Ramalinga Raju then spent his Christmas countering the allegations by World Bank. The company asked World Bank to immediately withdraw those statements and apologise to Satyam, which obviously the Bank never did. Meanwhile, Raju's share in the company fell from 8% to 5% making it an attractive bid target. HOW THE LID WAS BLOWN? Post the Maytas fiasco, DSP Merill Lynch was appointed to look into Satyam's books and possibly find it a suitor and soothe the shareholder outcry. On Tuesday, January 6, DSPML is reported to have met Sebi officials and told them about large scale accounting irregularities. It told the regulator that it was uncomfortable in handling the mandate. It also submitted a letter to Sebi on the same. The night of January 6, was one of the most discomforting nights for Raju and his family. As day broke, at 9.45 am, before the opening of the markets, a letter was faxed to Sebi Chairman, the board of Satyam, BSE and NSE. Rest is history. In the letter Raju, admitted about an inflated (non-existent) cash and bank balance of Rs 5,040 crore, an over stated debtor position of Rs 490 crore (as against Rs 2651 reflected in the books) and a fake liability of Rs 1,230 crore. Nasscom went into an immediate damage control due to the disclosures made by its past Chairman. Nasscom President Som Mittal said: "This is a stand-alone case of failure. We expressed shock at the disclosures made by Mr Ramalinga Raju."

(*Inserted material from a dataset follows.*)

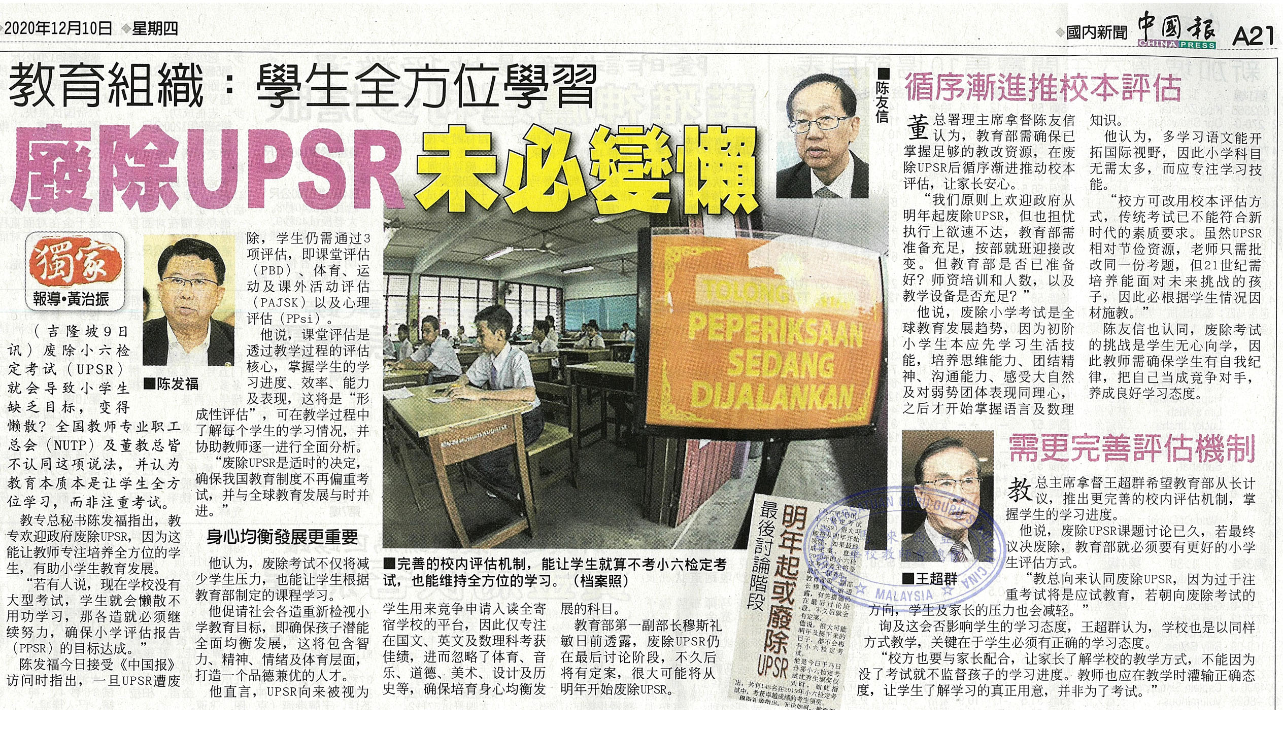 教育组织:学生全方位学习 废除UPSR未必变懒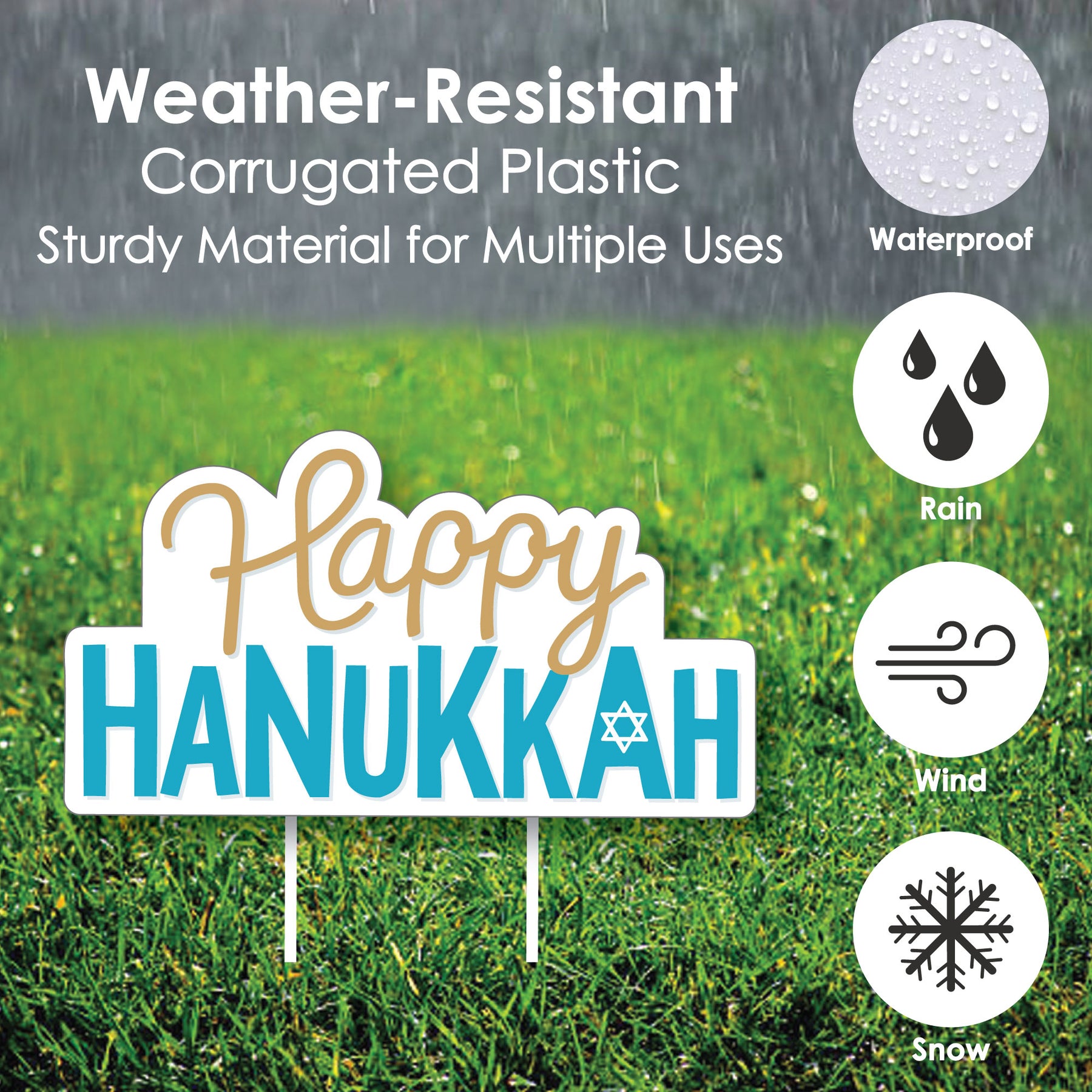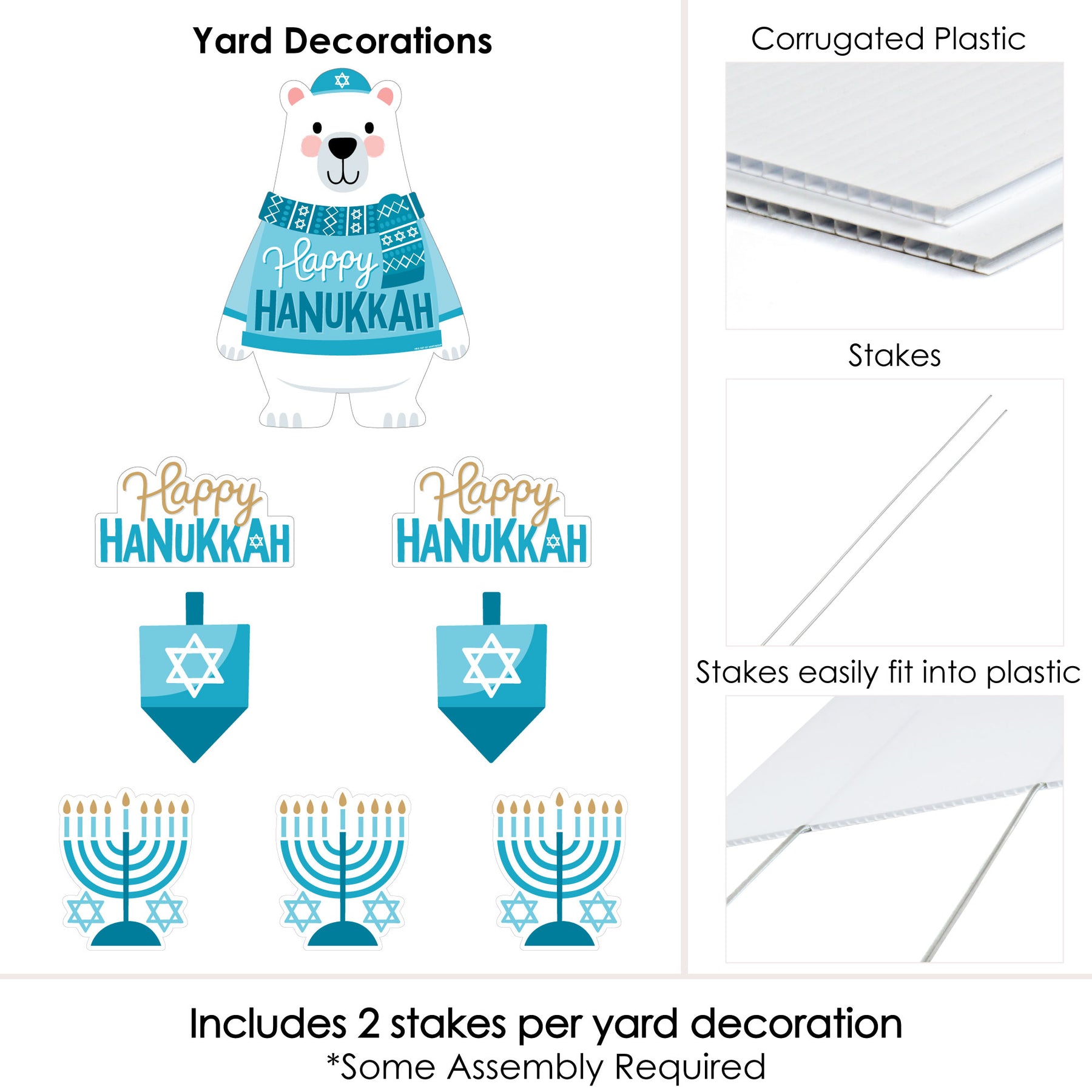 An impressive Hanukkah Bear yard sign is sure to delight your guests and surprise everyone. This 8-piece set of Hanukkah Bear lawn decorations is professionally printed with vivid colors to really make a statement wherever it is used. Each outdoor shape comes with two stakes, making it easy to display on lawns, driveways or courtyards. Best of all, Chanukah Holiday Sweater Party shapes are cut separately so you can arrange them any way you please. These decorative yard signs are made of waterproof plastic and are weather resistant, perfect for short-term display but can be used again and again with proper care.

Satyam was originally started as Satyam Constructions. In 1987, Ramalinga Raju with his botherin-law DVS Raju, founded Satyam Constructions. It was perhaps here that he inherited the construction and real industry balance sheet skills. Perhaps its Mr Raju's real estate genes that he tried to impregnate inside an IT setup that back fired. GOVERNMENT ACTS Concerned about the fate of its 53,000 employees spread across 55 countries, the government took stern steps. PC Gupta, the Minister for Company Affairs, announced sacking of the board and appointment of new directors, to be announced over the next few days. The former Satyam chairman and his brother have been booked for non-bailable under the Indian Penal Code, which could put them behind bars for years. And by superseding the board, the government has sought to ensure business continuity and that documents are not tampered with. SEBI committee on corporate governance chairman and Infosys chief mentor NR Narayana Murthy says he is shocked and painfully dismayed. THE WAY FORWARD With the government now taking over things it will be reassuring for Satyam customers, employees and stakeholders. These is assurance now of business continuity and this could eventually help the beleaguered company find a buyer. In fact,

things look bright for a government assisted transaction like a Bear Stearns type of rescue where JP Morgan bought (assisted by the US government) the beleaguered investment bank for as low as $10 a share. Alternately, post a thorough due diligence by government and auditors, Satyam could be broken up into pieces (BPO business, verticals, service lines et al) and sold to several buyers, like energy giant Enron was. "With the government taking over the board, we are advising our clients to stay put as the cost and time of transition is very large at the moment," says Avinash Vasishtha, CEO of Tholons. There are three options before the government. According to Tholons, the best option is to stabilise Satyam and merge it with an indemnity against any financial liability with a bigger IT company. However, even as the government would prefer a quick end to the current turmoil, there could be delays due to the sheer magnitude of the mess. Whichever way things go, experts agree that Satyam may not exist as a standalone entity for very long. With government support it will be easier, to begin with get cash to manage the operations of the cash starved company, reassure global clients and stakeholders and eventually find a buyer.